Мы бежали, подгоняемые в спину крепчающим ветром, и было весело и жутко, как в детстве, когда я выскакивала из дому в преддверии грозы, чтобы не упустить краткой, почти священной в своем безмолвии неподвижности перед тем, как грохнет первый очищающий раскат. И я почти забыла о том, что в этот ослепительный миг, в последние его доли дерзким росчерком на лиловеющем небе торопливо мелькают блудливые рожки великого Пана.
Бежать оказалось недалеко. Нужный дом встретил нас сломанной дверью парадного и псевдоготическими розами на чудом оставшихся чугунных перилах. В глазах рябило от осколков витражей. Алеша потянулся к замысловатому звонку, а я, вдруг наперекор той легкости, что вселилась в меня с этим бегом и ветром, тяжело припала щекой к теплому запястью без привычных часов.
— Давай уйдем, Алеша!
Но звонок уже лил свою тревожную отдаленную песню.
В дверях появился невысокий молодой человек, наверное мой ровесник, и, не улыбнувшись, махнул рукой куда-то в глубину коридора.
— Ты можешь забрать ее через три часа, — услышала я тихий глуховатый голос, говоривший обо мне, как о вещи. — Спасибо тебе огромное. Поговорим как следует после. — И за моей спиной они обменялись рукопожатиями. Я едва успела поцеловать Алешу, как дверь захлопнулась.
Мастерская оказалась, как и положено, светлой и пыльной, с огромным эркером, в котором явно на скорую руку было сооружено подобие подиума. Но все спасали драпировки из нескольких полотен настоящего бархата, подобранного от цвета остывшего пепла до бессильной блеклости увядающей сирени.
— Я подумал, что вам это сочетание будет наиболее выгодно. Впрочем, может быть, я и ошибся — посмотрим. Раздевайтесь. Насколько мне известно, Алеша весьма пунктуален. — Он говорил все это привычно-равнодушным тоном, придирчиво рассматривая кисти и даже не спросив, как меня зовут.
Я разделась, радуясь тому, что с августовского Крыма у меня еще сохранились остатки загара, и с неохотой вступила на доски, зная, как изнурительно простоять неподвижно даже десять минут, не говоря уже о часах. Оставалось только прикрыть глаза и думать о печальных Алешиных глазах — что я и делала. Так прошло, вероятно, некоторое время, после чего на плечо мне легла спокойная сухая ладонь.

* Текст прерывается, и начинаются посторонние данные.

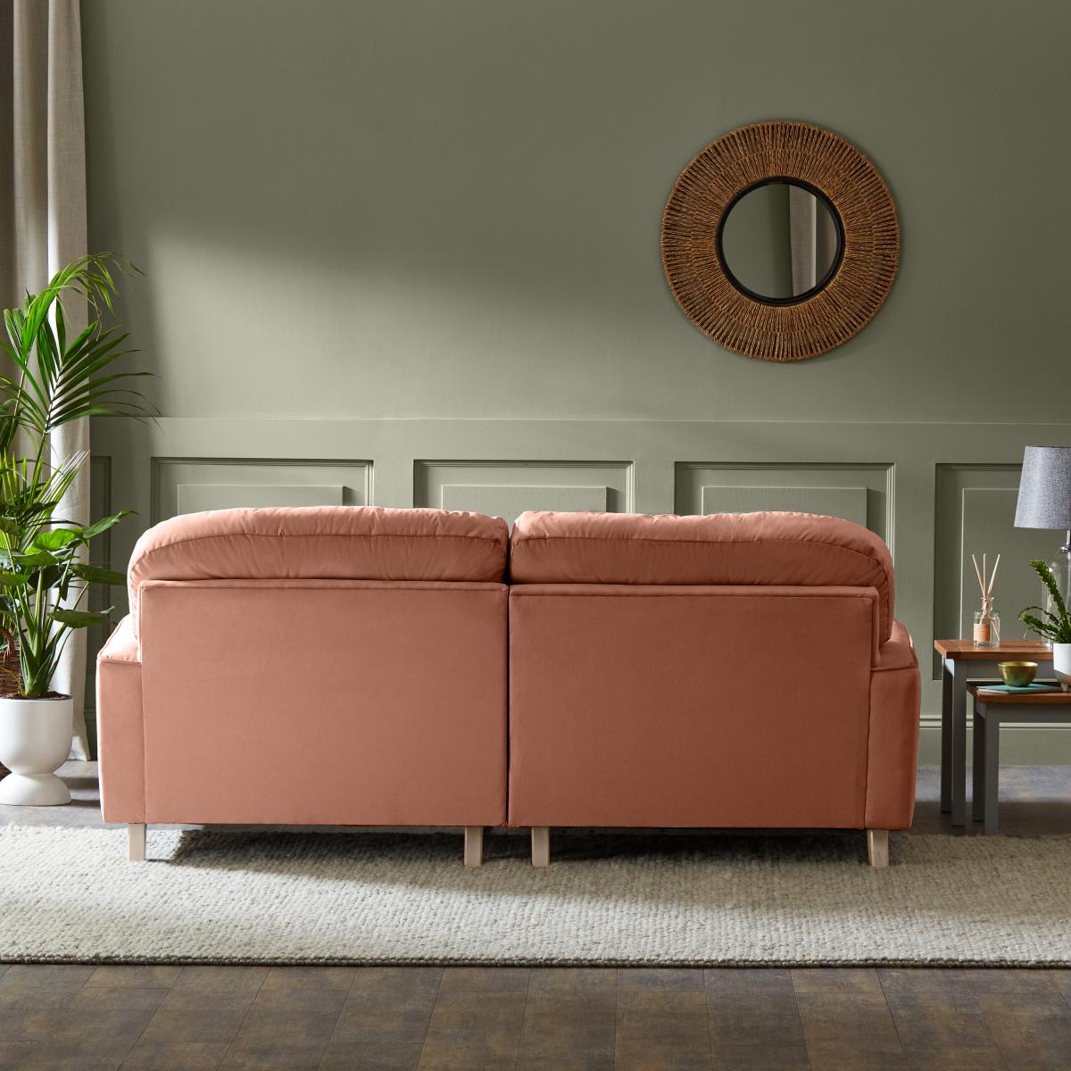 The Martha vintage velvet corner chaise is a lovely choice for adding a touch of elegance and colour to both traditional and contemporary interiors. I love its warm apricot tone, which brings a cosy yet sophisticated vibe to a room. The velvet fabric adds richness and texture, making it a versatile piece that can be styled with patterned cushions or layered throws for a relaxed look, or kept simple for a more polished feel. It works particularly well in living rooms with muted or earthy palettes, where it can serve as a statement piece without overpowering other elements. Practical tips include pairing it with a low coffee table to keep the space feeling open and balancing the colour with neutral or contrasting accessories to create visual interest.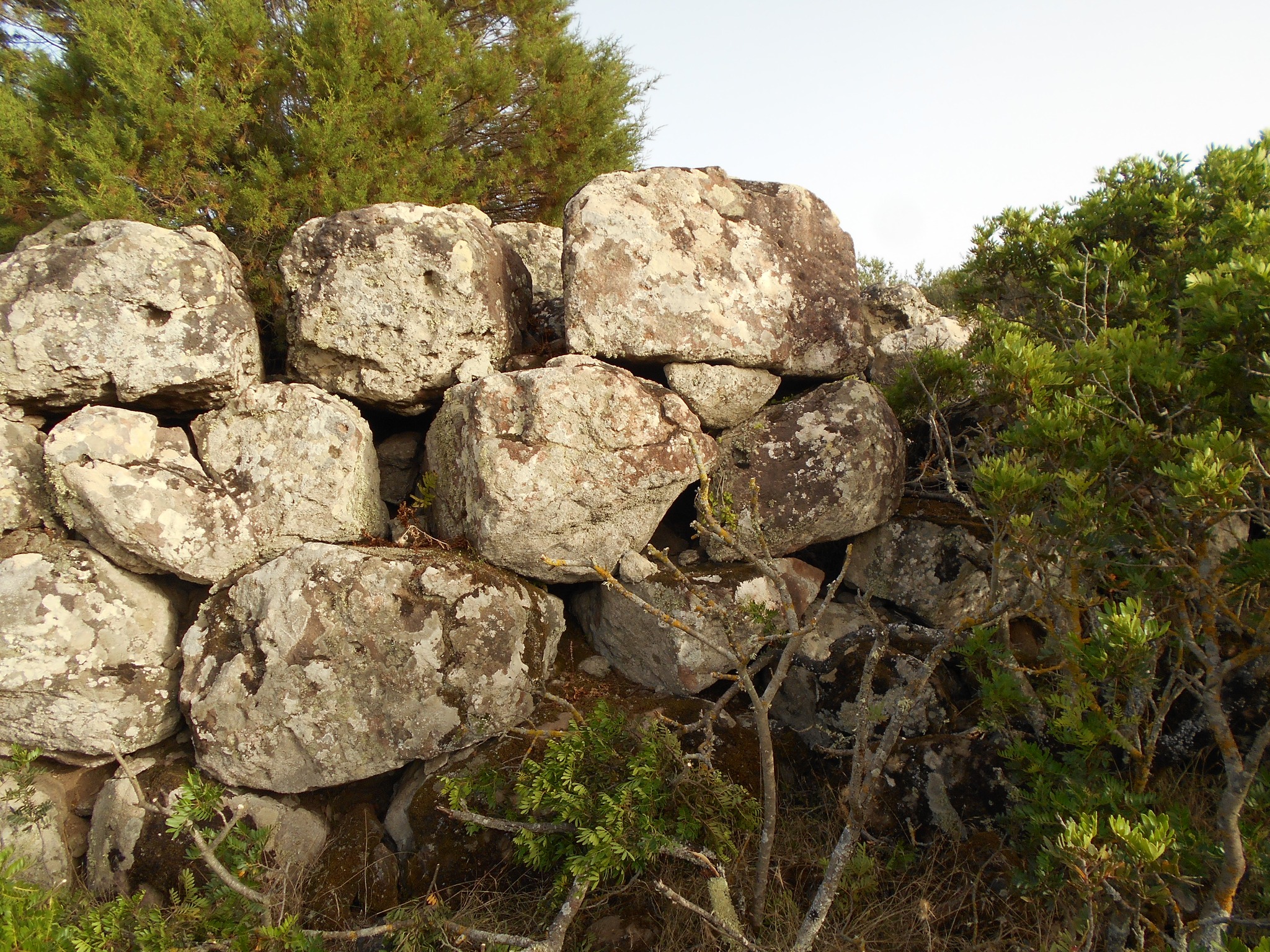 Monotorre inglobato in un bastione. Si vedono 4 filari di enormi blocchi di arenaria del muraglione, per un’altezza di quasi 2 metri. Salendo sul muraglione si vede la cima diruta della torre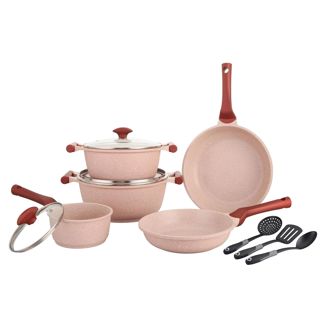 برستيج إسينشاليز، طقم أواني الطهي غير لاصقة مصنوعة من الالمنيوم، لون وردي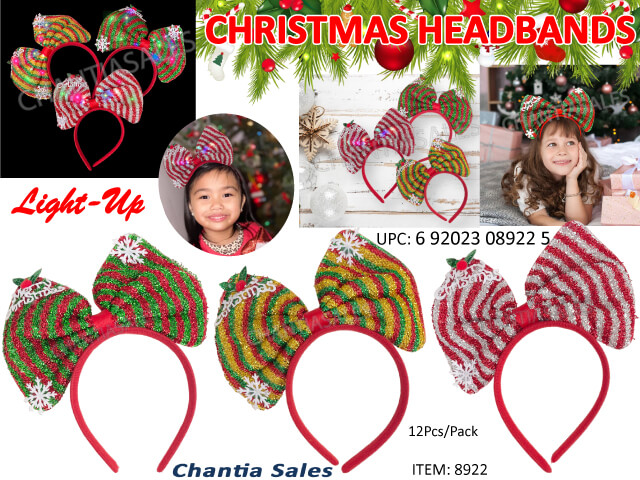 CHRISTMAS HEADBAND - BIG BOW LIGHT UP #8922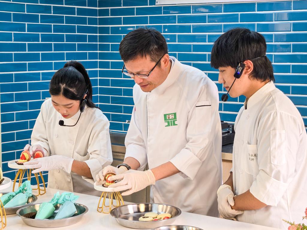 圖說:頂尖群科-淡水商工點心研發中心張明文局長與同學一起製作法式甜點馬卡龍。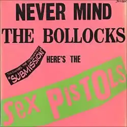 В первоначальное издание Never Mind the Bollocks входило 11 песен. Компания Virgin сделала матрицы 11-песенной версии альбома и в начале октября 1977 года выпустила 1000 экземпляров, часть из которых распространила бесплатно в качестве промоушна. Вскоре Pistols решили включить в свой альбом ещё одну песню «Submission». Вскоре, опередив Virgin Records, в середине октябре импортом из Франции в продажу поступил 12-песенный вариант пластинки, выпущенный на лейбле Barclay Records[24].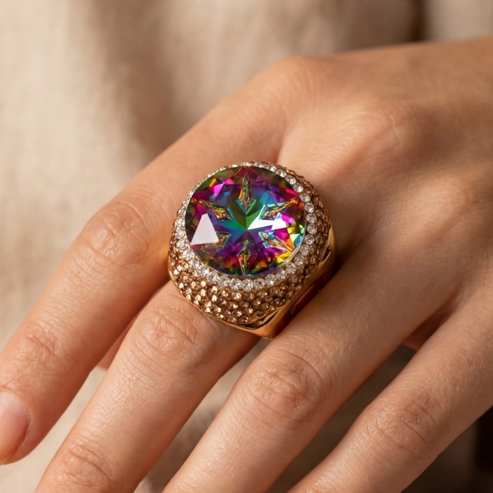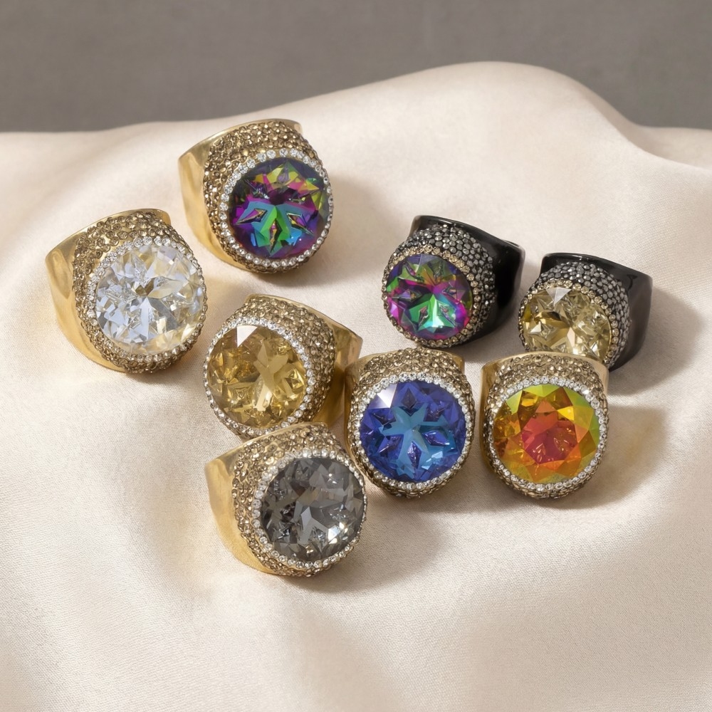 Faceted Crystal Stone Statement Ring
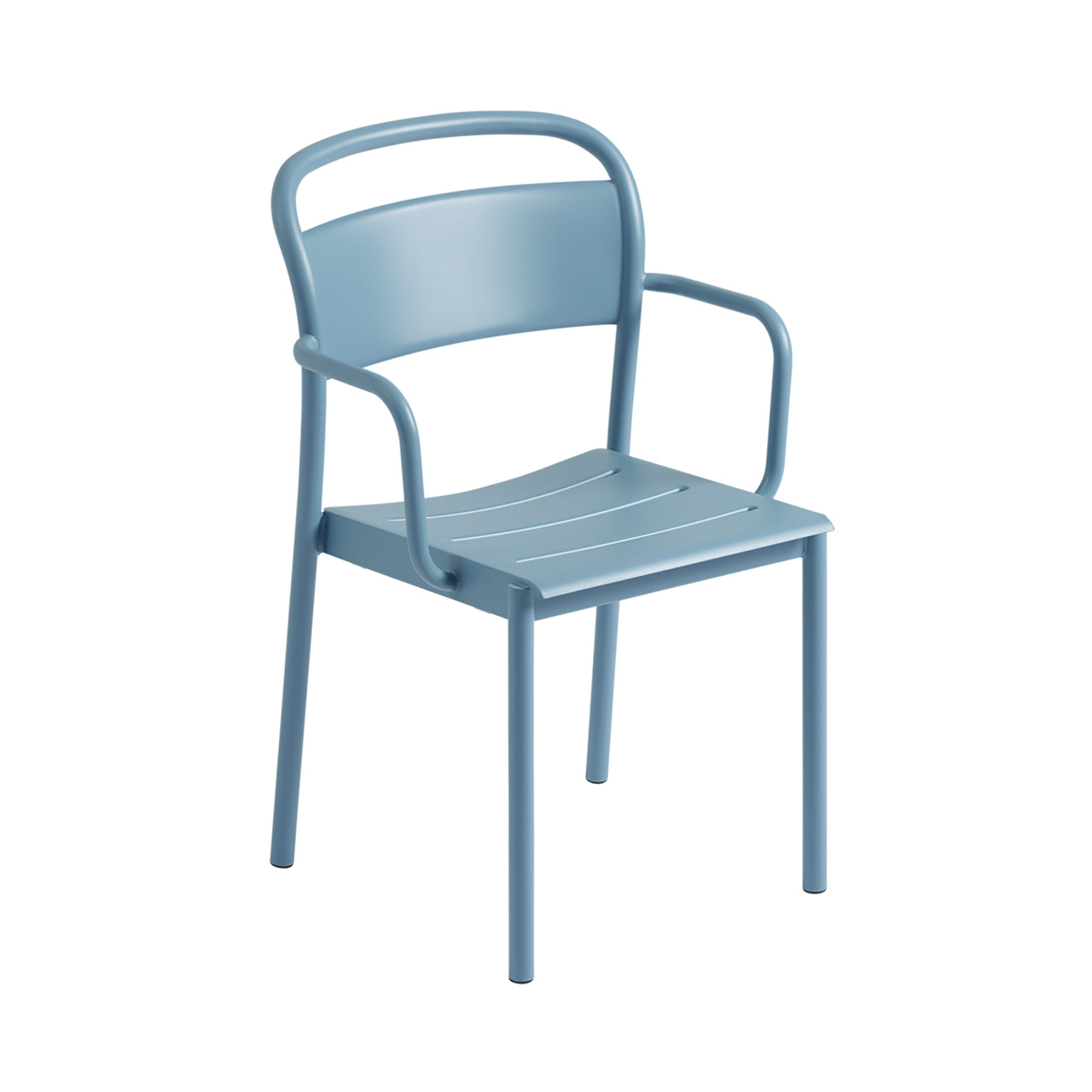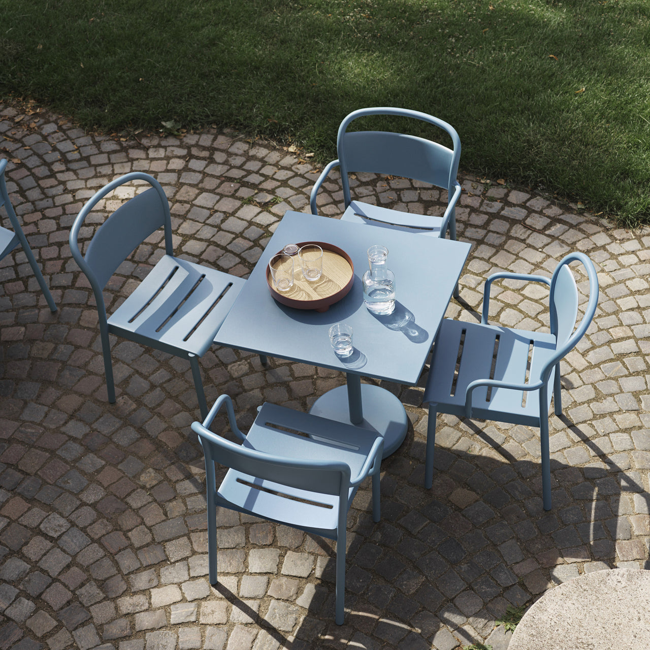 Muuto’s outdoor Linear Steel series adds a stackable armchair characterized by clean lines and a curved backrest and seat for comfort. Designer Thomas Bentzen plies a durable material with a sophisticated touch in welded galvanized steel with a weather-resistant, powder-coat matte finish. Featuring a choice of curated colors and subtle spacing in the seat to aid in water runoff, the seating’s graceful proportions and slender armrests timelessly complement any outdoor setting.

— Я не ошибся в вас, но ошибся в вашем теле. Вас действительно возвышает сиреневое, но беда в том, что у вас фигура египетского мальчика. А писать можно только женщин — мальчики требуют карандаша, ну, угля. Впрочем, если хотите, я попробую, но лучше уж не терять времени зря и выпить чаю. У меня есть брусника. Будете одеваться?
Но мне было тепло и к тому же меня разозлило полное пренебрежение к моему телу, на которое Алеша едва ли не молился.
— Если вы не против, я бы посидела так, ведь вам это не мешает?
— Ничуть.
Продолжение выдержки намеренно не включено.